When recording on the coast of Norway, for example, this sound is what you are very likely to hear as soon as the ferries and motorboats have parked for the night. They seem to be everywhere, whoever it is making this sound. When you go for a swim and listen underwater you can even hear them. But who are they?
The pistol shrimp, or snapping shrimp, make this kind of sound, but they are not found in waters as far north as the Norwegian coast. In Thailand the same sounds can be heard in the freshwater River Ping.

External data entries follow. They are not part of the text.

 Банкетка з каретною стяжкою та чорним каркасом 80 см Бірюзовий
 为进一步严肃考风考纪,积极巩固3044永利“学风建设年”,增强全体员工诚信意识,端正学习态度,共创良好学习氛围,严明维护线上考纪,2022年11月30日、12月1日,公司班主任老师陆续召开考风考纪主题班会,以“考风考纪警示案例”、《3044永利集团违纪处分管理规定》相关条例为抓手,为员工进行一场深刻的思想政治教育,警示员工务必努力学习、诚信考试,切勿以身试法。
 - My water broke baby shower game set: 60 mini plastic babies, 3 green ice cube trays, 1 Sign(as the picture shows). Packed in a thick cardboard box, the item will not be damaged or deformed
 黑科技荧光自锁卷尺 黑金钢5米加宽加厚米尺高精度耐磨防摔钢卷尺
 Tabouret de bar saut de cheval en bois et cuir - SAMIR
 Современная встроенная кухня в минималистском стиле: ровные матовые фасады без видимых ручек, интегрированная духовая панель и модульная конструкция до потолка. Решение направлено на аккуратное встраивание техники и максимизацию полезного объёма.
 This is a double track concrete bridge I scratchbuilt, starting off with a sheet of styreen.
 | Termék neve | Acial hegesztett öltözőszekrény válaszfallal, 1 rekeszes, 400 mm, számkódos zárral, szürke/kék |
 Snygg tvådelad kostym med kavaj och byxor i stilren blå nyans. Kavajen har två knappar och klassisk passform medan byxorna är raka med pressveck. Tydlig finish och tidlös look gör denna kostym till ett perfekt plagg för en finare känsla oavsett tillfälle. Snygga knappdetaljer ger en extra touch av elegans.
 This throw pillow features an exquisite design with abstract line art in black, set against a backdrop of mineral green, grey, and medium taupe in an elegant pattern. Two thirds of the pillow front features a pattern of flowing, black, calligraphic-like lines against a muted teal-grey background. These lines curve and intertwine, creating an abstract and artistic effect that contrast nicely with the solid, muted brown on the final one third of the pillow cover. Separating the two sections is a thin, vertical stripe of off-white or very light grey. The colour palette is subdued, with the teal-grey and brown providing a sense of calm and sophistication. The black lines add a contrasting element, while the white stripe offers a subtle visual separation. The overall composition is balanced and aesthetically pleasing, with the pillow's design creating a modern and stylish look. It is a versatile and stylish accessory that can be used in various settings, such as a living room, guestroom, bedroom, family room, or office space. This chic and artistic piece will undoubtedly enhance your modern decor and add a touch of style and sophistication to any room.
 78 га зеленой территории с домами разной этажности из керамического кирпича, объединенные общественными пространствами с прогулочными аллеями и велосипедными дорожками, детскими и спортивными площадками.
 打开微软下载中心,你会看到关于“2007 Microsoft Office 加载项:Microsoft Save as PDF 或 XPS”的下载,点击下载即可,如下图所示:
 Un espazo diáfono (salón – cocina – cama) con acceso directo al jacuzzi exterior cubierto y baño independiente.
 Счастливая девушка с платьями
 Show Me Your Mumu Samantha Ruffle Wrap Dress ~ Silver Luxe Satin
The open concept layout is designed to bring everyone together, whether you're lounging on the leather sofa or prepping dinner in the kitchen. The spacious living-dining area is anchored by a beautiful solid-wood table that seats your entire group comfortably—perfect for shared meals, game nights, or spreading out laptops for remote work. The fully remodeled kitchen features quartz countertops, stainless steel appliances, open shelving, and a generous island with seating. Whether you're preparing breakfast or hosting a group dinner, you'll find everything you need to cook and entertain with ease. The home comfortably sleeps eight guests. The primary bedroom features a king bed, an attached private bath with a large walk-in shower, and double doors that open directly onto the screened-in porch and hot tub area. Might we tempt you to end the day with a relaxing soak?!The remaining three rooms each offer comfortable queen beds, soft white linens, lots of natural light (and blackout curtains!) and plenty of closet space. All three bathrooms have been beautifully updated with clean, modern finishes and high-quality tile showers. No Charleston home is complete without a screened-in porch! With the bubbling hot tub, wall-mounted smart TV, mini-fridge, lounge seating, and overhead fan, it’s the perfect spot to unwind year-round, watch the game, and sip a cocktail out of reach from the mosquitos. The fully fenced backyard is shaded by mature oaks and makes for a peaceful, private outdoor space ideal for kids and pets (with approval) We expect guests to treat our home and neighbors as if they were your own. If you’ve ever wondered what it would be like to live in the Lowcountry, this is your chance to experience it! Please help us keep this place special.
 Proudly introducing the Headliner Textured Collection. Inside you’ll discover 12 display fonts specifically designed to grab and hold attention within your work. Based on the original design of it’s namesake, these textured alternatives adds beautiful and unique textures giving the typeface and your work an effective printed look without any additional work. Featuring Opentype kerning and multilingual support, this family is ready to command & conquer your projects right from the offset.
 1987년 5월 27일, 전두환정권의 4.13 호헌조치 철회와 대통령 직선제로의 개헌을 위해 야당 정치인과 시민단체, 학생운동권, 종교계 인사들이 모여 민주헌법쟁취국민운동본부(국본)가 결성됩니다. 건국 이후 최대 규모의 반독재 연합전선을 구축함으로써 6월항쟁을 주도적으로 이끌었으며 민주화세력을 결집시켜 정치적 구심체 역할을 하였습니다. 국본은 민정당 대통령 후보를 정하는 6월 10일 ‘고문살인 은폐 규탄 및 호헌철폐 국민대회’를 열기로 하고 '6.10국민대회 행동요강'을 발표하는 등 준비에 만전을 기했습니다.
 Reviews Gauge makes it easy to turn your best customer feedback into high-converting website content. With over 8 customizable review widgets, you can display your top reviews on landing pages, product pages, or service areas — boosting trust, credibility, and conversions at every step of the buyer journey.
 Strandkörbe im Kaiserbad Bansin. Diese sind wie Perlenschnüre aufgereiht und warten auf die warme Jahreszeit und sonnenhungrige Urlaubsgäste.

To get more of an understanding of this phenomenon, I called various Professors of Marine Biology in Norway who specialise in shrimp. I asked whether they knew what kind of shrimp it could be making these sounds. One of them sent a question to his world-wide shrimp network because he did not know that shrimp made these sounds. The replies came that the sounds are probably produced when they are feeding. I know that pistol shrimp make sounds when they snap they claws to paralyse their prey, but do others in the same family do the same? No one seemes to know. Underwater there is very little known about the soundscapes created by living creatures, and few understand the details of variations between the various grunts, knocking sounds and rumbling sounds that cod, haddock, pollock, other fish and crustaceas produce, and how they experience and orientate themselves through the use of sound.”
Quick: What’s the creepiest sound you’ve ever heard? Whatever it is, it’s got nothing on Jana Winderen’s 2009 recording of decopods scuttling about on the ocean floor off the coast of Scandinavia. Decapods—the order of ten-legged crustaceans that includes lobsters, shrimps, and crayfish—use as many as half of their appendages to paralyze and dispatch prey or, more often, to pick at the crumbling remains left behind by larger sea predators, a fact that only amplifies the grisliness suggested by the muculent chatter heard on The Noisiest Guys on the Planet. Like Roger Payne and his whale-song recordings, Winderen used sensitive hydrophones, lowering them hundreds of feet into the sea to capture the briny clamor with chilling clarity.
DID YOU KNOW: Winderen was awarded the 2011 Golden Nica—the Grammy of digital sound art; past recipients include Peter Gabriel and Aphex Twin—for Energy Field, a CD in which her decapods figure prominently.